NAME

XS::JIT - Lightweight JIT compiler for XS code

VERSION

Version 0.03

SYNOPSIS

use XS::JIT;

# Compile C code and install functions
XS::JIT->compile(
    code      => $c_code,
    name      => 'MyModule::JIT::Foo',
    functions => {
        # Simple form - XS::JIT generates a wrapper
        'Foo::get' => 'jit_get',

        # Hashref form - for XS-native functions (no wrapper)
        'Foo::new'  => { source => 'jit_new',  is_xs_native => 1 },
        'Foo::name' => { source => 'jit_name', is_xs_native => 1 },
    },
    cache_dir => '_CACHED_XS',  # optional, defaults to _CACHED_XS
    force     => 0,             # optional, force recompile
);

DESCRIPTION

XS::JIT is a lightweight alternative to Inline::C for runtime JIT compilation of XS code. It's specifically optimized for use cases where you're generating C code dynamically and need to compile and load it at runtime.

Unlike Inline::C, XS::JIT:

  • Skips C code parsing (no Parse::RecDescent dependency)

  • Skips xsubpp (generates C code directly)

  • Uses direct compiler invocation (no make/Makefile.PL)

  • Provides a C API for use from other XS modules

METHODS

compile

my $ok = XS::JIT->compile(%options);

Compiles C code and installs the specified functions into Perl namespaces.

Options:

code (required)

The C source code to compile. This should be valid C code that uses the Perl C API (EXTERN.h, perl.h, XSUB.h are included automatically).

name (required)

A unique module name for caching purposes (e.g., "MyApp::JIT::Class_0"). This is used to generate the boot function name and cache path.

functions (required)

A hashref mapping target Perl function names to source C function names. Values can be either a simple string (the C function name) or a hashref with options:

# Simple string form
functions => {
    'Package::method' => 'c_function_name',
}

# Hashref form with options
functions => {
    'Package::method' => {
        source       => 'c_function_name',
        is_xs_native => 1,  # function handles XS stack itself
    },
}

The is_xs_native option is important for performance. Set it to 1 when your C function is already written as a proper XS function using XS_EUPXS(), dXSARGS, ST(), and XSRETURN(). This tells XS::JIT to create a simple alias instead of generating a wrapper function, avoiding any overhead.

cache_dir

Optional. Directory for caching compiled modules. Defaults to "_CACHED_XS".

force

Optional. If true, forces recompilation even if a cached version exists.

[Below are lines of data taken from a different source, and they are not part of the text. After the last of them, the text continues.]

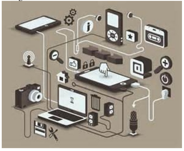
Fig. 3. Computer information Hardware topology system

Information management database is mainly used for student information management, teacher information for authentication management, and user login. When the authentication, the need to provide the identification number and password to the user information management database query the appropriate information in the table, until the match geese before allowing users to log on to the learning platform. System maintenance personnel can add, delete user list. Student information management is to save student information for students to query and modify. For example, students can modify their own personal nickname, password, address, etc. Information management is to provide teachers for teachers query, change of personal information, and to provide access to students' personal information and academic records, etc., to help manage student learning. In addition, the relationships between three databases are interdependent. Learning Resources Database part exercises or as part of a database of exam test questions. The quiz questions in the exams results database will also serve as student and teacher personal information is stored in the correspond ding location information management database.
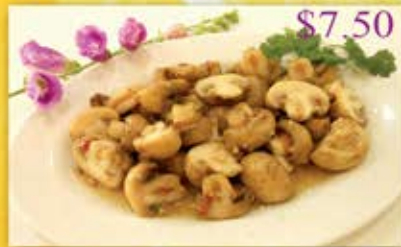
蒜香牛油爆蘑菇配煙肉蓉 Sauteed Mushroom, and Bacon Bits Stir-fried with Garlic and Butter
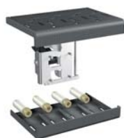
Conversion kit for turning a fixed circuit breaker into the moving part of a plug-in circuit breaker
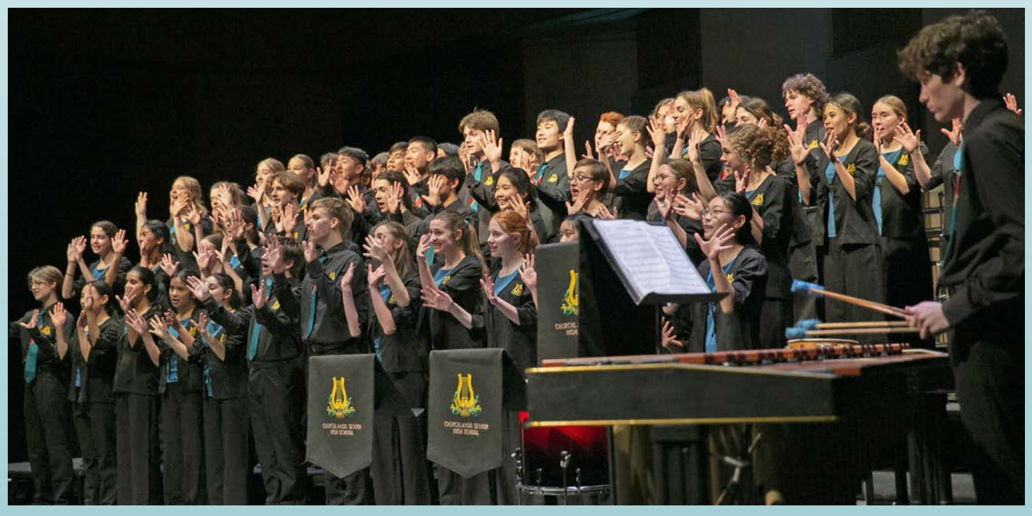
MusicNotes TERM 3 2022
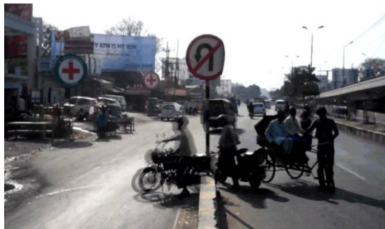
Figure: NH 164 High way U- turn system
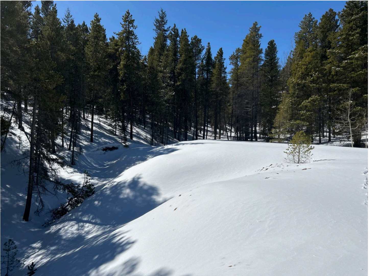
Figure 5: 473a - historic waste pile
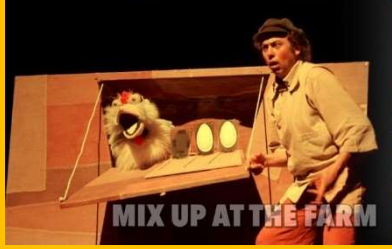
MIX UP AT THE FARM
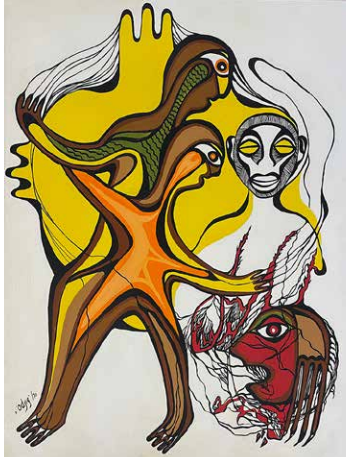
Daphne Odjig, Rolling Head , 1970. Acrylic on board. Overall: 101.6 × 76.2 cm (40 × 30 in.). Purchase, with funds from the Beryl Ivey Fund, 2024 © Estate of Daphne Odjig
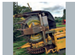
2004 New Holland 8 Row Maize Header, to fit New Holland FR. Very good condition £15,000 AT
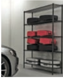
Garage Storage Consists of: 18"Dx48"Wx74"H Qty. Cat. No. 5 L1848B shelves 4 L74PB posts
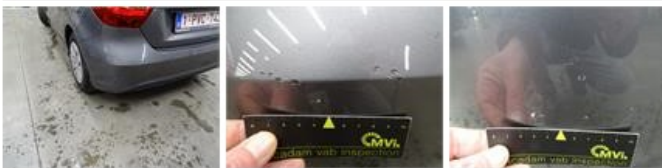
Bumper F, Dent(s), LI - Repair and paint (complete)
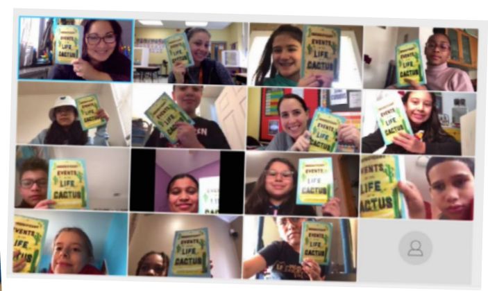
Click here to see more photos from Read Across America.
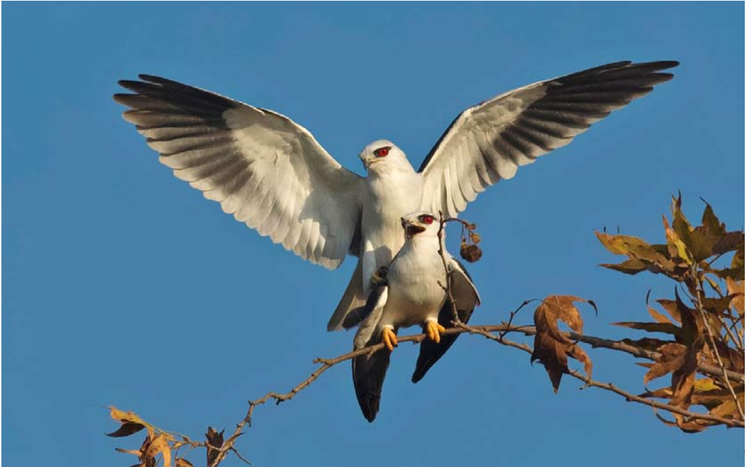
52 Black-winged Kites / Grijze Wouwen Elanus caeruleus , Agmon lake, Israel, 27 November 2011 cf Dutch Birding 33: 398, 2011 53 Greater Yellowlegs / Grote Geelpootruiter Tringa melanoleuca , first-year, Hauxley, Northumberland, England, 18 November 2011 54 Gyr Falcon / Giervalk Falco rusticolus , first-year, Oostburg, Zeeland, Netherlands, 7 January 2012
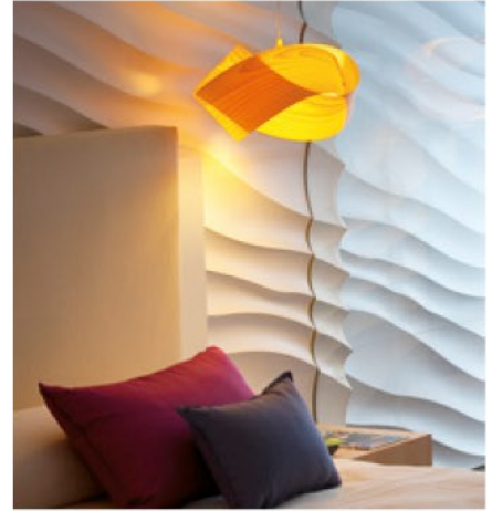
Catalogue Pg. 50-55
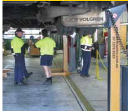
Great lifting height on all models
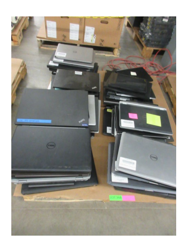
LOT 168 _____
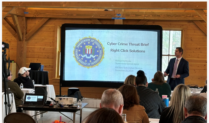
Cybersecurity Conference Attendees

Returns 1 on success, 0 on failure.

is_cached

my $cached = XS::JIT->is_cached($code, $name, $cache_dir);

Checks if a compiled module exists in the cache.

Arguments:

$code

The C source code.

$name

The module name.

$cache_dir

Optional. Cache directory. Defaults to "_CACHED_XS".

Returns 1 if cached, 0 otherwise.

generate_code

my $c_code = XS::JIT->generate_code($user_code, $name, \%functions);

Generates the complete C source code with XS wrappers and boot function, without compiling it. Useful for debugging or custom build processes.

Arguments:

$user_code

The user's C source code.

$name

The module name (used for boot function naming).

\%functions

A hashref mapping Perl function names to C function names.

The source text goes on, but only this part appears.